The identified positions may be ranked, for example, using a combination of the ranking applied to each sequence and its individual score. Again, the ranking may be from less soluble or more soluble, or from more aggregation-prone to less aggregation-prone.
We now have a list of positions that are suitable for mutations and/or insertions. These positions are mapped on both the sequence and the structure. On one hand it could be desirable to perform mutations/insertions at several positions, in order to maximise the solubility of the resulting protein. On the other, too many mutations could change the protein too much.
Rather than constraining the number of mutations/insertions to perform, one might wish to stop doing mutations when a given solubility is reached. Accordingly, the method may comprise choosing the top ranked position and generating the plurality of mutated sequences by applying a plurality of mutations and/or insertions at that position. The aggregation propensity is then predicted for each of these mutated sequences and optionally ranked. We then determine whether any of the predicted values for solubility or aggregation propensity is higher than a threshold value (i.e. the value corresponding to the desired result), in particular the predicted value for the top ranked sequence and when the predicted value is higher than the threshold value, output the mutated sequence as a target polypeptide. When the predicted value is lower than the threshold value, the method reiterates. Thus the choosing, generating and determining steps may be repeated for the next ranked position until the predicted value is higher than the threshold value.
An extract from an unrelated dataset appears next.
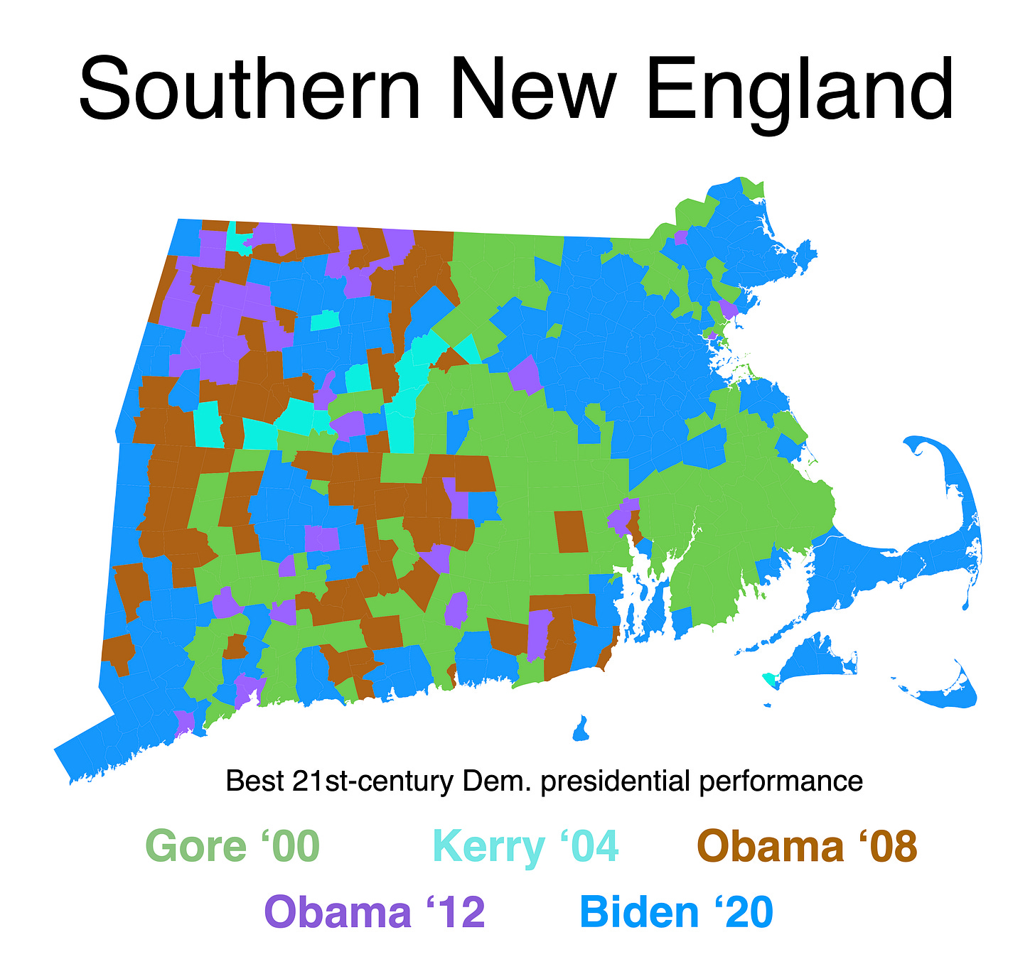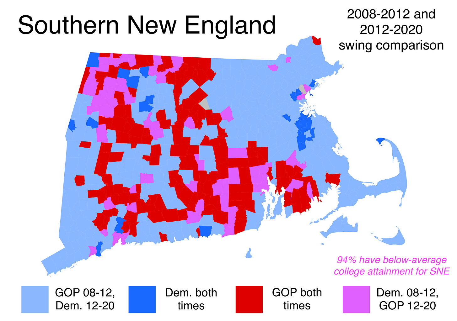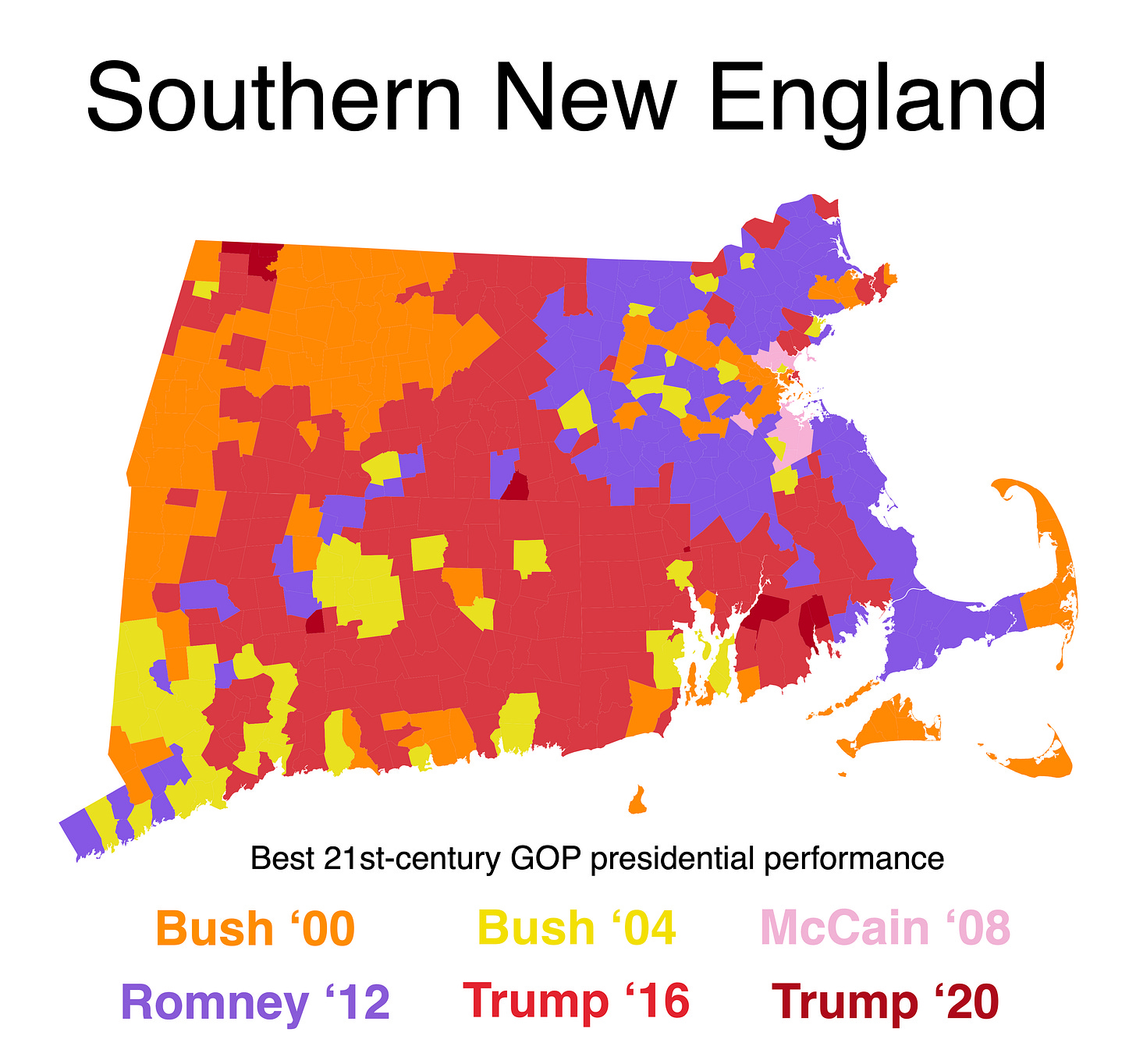Across much of the region, Trump made anomalous inroads in 2016, setting a high-water mark for modern Republicans in most of Connecticut and Rhode Island. Meanwhile, liberal old-money areas (Route 2, Newport, Lower Cape) turned very blue long before Trump. Mitt Romney’s home-state boost in eastern MA is evident as well.

Alternatively, a user may input that at most N mutations (preferably 3 or 4 mutations) may be performed. Accordingly, the method may comprise choosing a set of the top N ranked positions and generating the plurality of mutated sequences by applying at least some of all possible mutations and insertions at that net of positions. The number of mutations/insertions can be decreased, for example by excluding from the list of candidates the strongly hydrophobic amino acids (i.e. tryptophan, threonine, valine, leucine, isoleucine, phenylalanine residues) because it is known that their effect, if any, is to increase the aggregation propensity. The predicted value for solubility or aggregation propensity for each mutated sequence may then be ranked and the highest ranked mutated sequences may be output with their values as the output polypeptides. The structurally-corrected aggregation propensity which was calculated for the original sequence may also be calculated for each of these top-ranked mutated sequences and the ranking may be reorganised based on the structurally-corrected solubility or aggregation propensity.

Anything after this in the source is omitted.